Her vampires had taken him as he returned home after a trip to the markets, a sweet for Misha tucked safely in one pocket, a pretty ribbon for his wife in the other. For the baby, such a small thing she was, he had bought a piece of scented wood with which to make a rattle. He’d seen Isis’s creatures coming, had had time to give Misha his sweet, caress his sleeping daughter’s cheek, and kiss his beautiful, strong wife good-bye.

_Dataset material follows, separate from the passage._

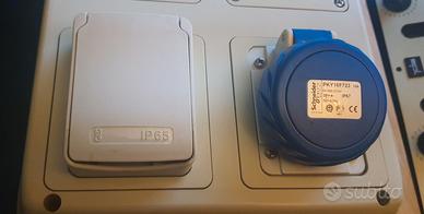 Quadro Schneider industriale 8 moduli per 4 prese incasso IP65 10364 8 moduli Potenza dissipata 15W Corrente nominale 63A Tipo di guida: DIN Grado di protezione IP65 conforme a IEC 60529 Presa interbloccata Gewiss verticale 2P+T 16A IP55 GW66470 Tensionenominale: 200-250V Corrente nominale 16A Numero poli: 2P+T Frequenza 50/60 Hz Protezione: NO (SBF) Grado di protezione IP55 Presa Schneider incasso presa schuko 2P+T 230V Tensione di esercizio nominale250V Corrente nominale 10A 16A Frequenza di rete: 50/60 Hz Tipo di rete: CA Poli: 2P+T A bassa tensione Merlin Gerin 24908 Interruttore Miniatura - C60H - 4 Poli - 0,5 A - Curva + 2 interruttori per luce + magneto termico per accendere P46 xH23 x L18 €70

He would never forget the words she’d said to him that day, the love she had wrapped around him—though she had known he would soon be in another woman’s bed, committing a terrible betrayal of the vows he’d made to her one bright spring morning a turn of the seasons before Misha’s birth.
“Will you forgive me, Ingrede? For what I must do?”
“You fight a battle.” Her hand touching his cheek. “You do this to protect us. There is nothing to forgive.”
“If I’d said yes at the very start,” he said now, swallowing the rage and anguish that had never died, “I think Isis would’ve used, then discarded me. I could’ve gone home.” To the only woman he had ever loved, to his son, his daughter. “But because I’d made it clear that I didn’t want her, she played with me as a cat does with a mouse.” First she’d taken him to her bed, viciously pleased by the knowledge that he couldn’t say no.
“Such beautiful children you have, Dmitri. So young . . . so easily broken.”
Later, after she’d had her fill, he’d been dragged to the cold, mold-lined bowels of her great castle, where she Made him with methodical care. Only after the conversion was complete, his body stronger and more able to bear damage, had he been stripped naked and chained in a spread-eagle position, every part of him exposed. “She started with a whip tipped with razor-sharp metal.”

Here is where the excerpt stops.